O’Sullivan thinks so too. Remembering the role John Hayes played in his three Triple Crown winning teams, O’Sullivan has proof that the leap can be made from novice to international. “I’d be confident about Roman’s chances,” he says, “not just because of his athletic traits but also because of how resilient a person he is. Like, he has come this distance and hasn’t flinched no matter what has been thrown at him – a new sport, a new environment. The thing is that High School American football players are used to studying playbooks from an early age. They’re tactically astute. Plus gym sessions are part of the school curriculum. Sure, it’s a big step but if you’ve someone who has world class footballing skills as well as world class listening skills, you’ve a chance. And this kid has something – he is special.”
Back in Hawaii, Fitzgerald – by mere coincidence – spent Friday afternoon in the company of Salanoa’s father just before your correspondent called. “He’s a red once again,” Salanoa senior said to Fitzgerald, a reference to Munster’s jersey colour and the Kahuku High School team’s nickname, the Red Raiders.
Here’s another story, picked up by Sports Illustrated a few years ago. In 2011, Fitzgerald – a drama teacher at the local university as well as the school’s rugby coach, fulfilled a request to write the words to a Maori haka for the Red Raiders football team. The story behind the Kaipahua Kura—Maori for “We are the Red Raiders”— is a poignant one. “For our families and community, who have been through much,” it starts.
That’s barely scratching the surface of things. Ten years ago, the school was struck by tragedy when one of the team’s co-captains took his own life. A short time later, a broken-hearted friend of the deceased, also passed. At the end of their haka, the Raiders players point to the sky, gesturing at the players and the people from their community who have gone before.
In 2015, before that year’s state championship final, Roman Salanoa, Munster’s new hope, was told, along with his Kahuku team mates, that they would be penalised 15 yards if they performed the haka before the game. They did it anyway (see above), suffered the penalty and won their game.
“When people think about community spirit, about the closeness of families, they really should be thinking of a place like this,” Fitzgerald says. “Their Polynesian culture is so important to them and rugby is a part of that. It isn’t an alien sport. They grew up playing touch rugby for fun, (American) football for championships.”
Salanoa is the first to cross boundaries, sporting as well as geographic, yet Liddy and O’Sullivan intend going back.

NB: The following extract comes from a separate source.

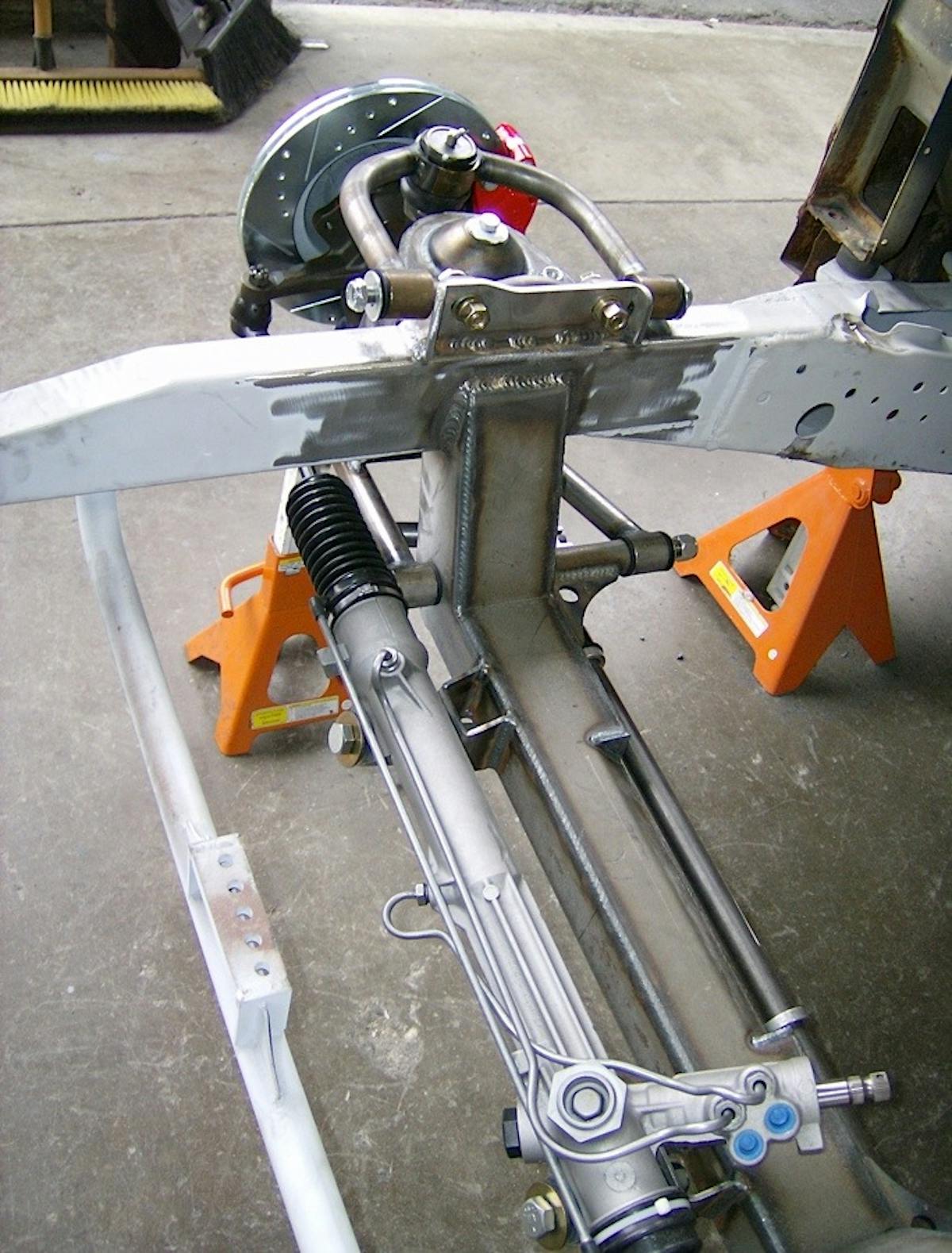 As seen below, mounting the rack and pinion steering forward of the crossmember creates a generous amount of header room, access to the stock oil filter location, and a straight shot for the steering column and linkage.

Another Kahuku graduate was about to sign for the Dragons until Bernard Jackman lost his job there; while the pandemic has stalled Jeremy’s Davidson’s Brive from their pursuit of a third Hawaiian. O’Sullivan, Liddy and Fitzgerald are convinced there’s a mine of talent waiting to be unearthed.
“You’re looking at a similar amount of potential here as you get in Fiji, Tonga and Samoa,” Fitzgerald says. “Their genetics suit rugby.”
Will Munster suit Salanoa? Perhaps the answer lies in the words of Sports Illustrated’s Austin Murphy who wrote of the hardship people endure on Hawaii’s North Shore. “Despite its distance from the mainland, the American Dream—the chance to improve one’s lot by earning a college scholarship—remains vital and alive here. It could be a by-product of strong faith or the jaw-dropping natural beauty all around, but the vibe one gets from the Red Raiders and their coaches and parents is upbeat, buoyant, optimistic. And, when necessary, aggressive. Among the vows cried out by the players during their haka: “We will stand up and fight with courage!”
Now where have we heard those words before?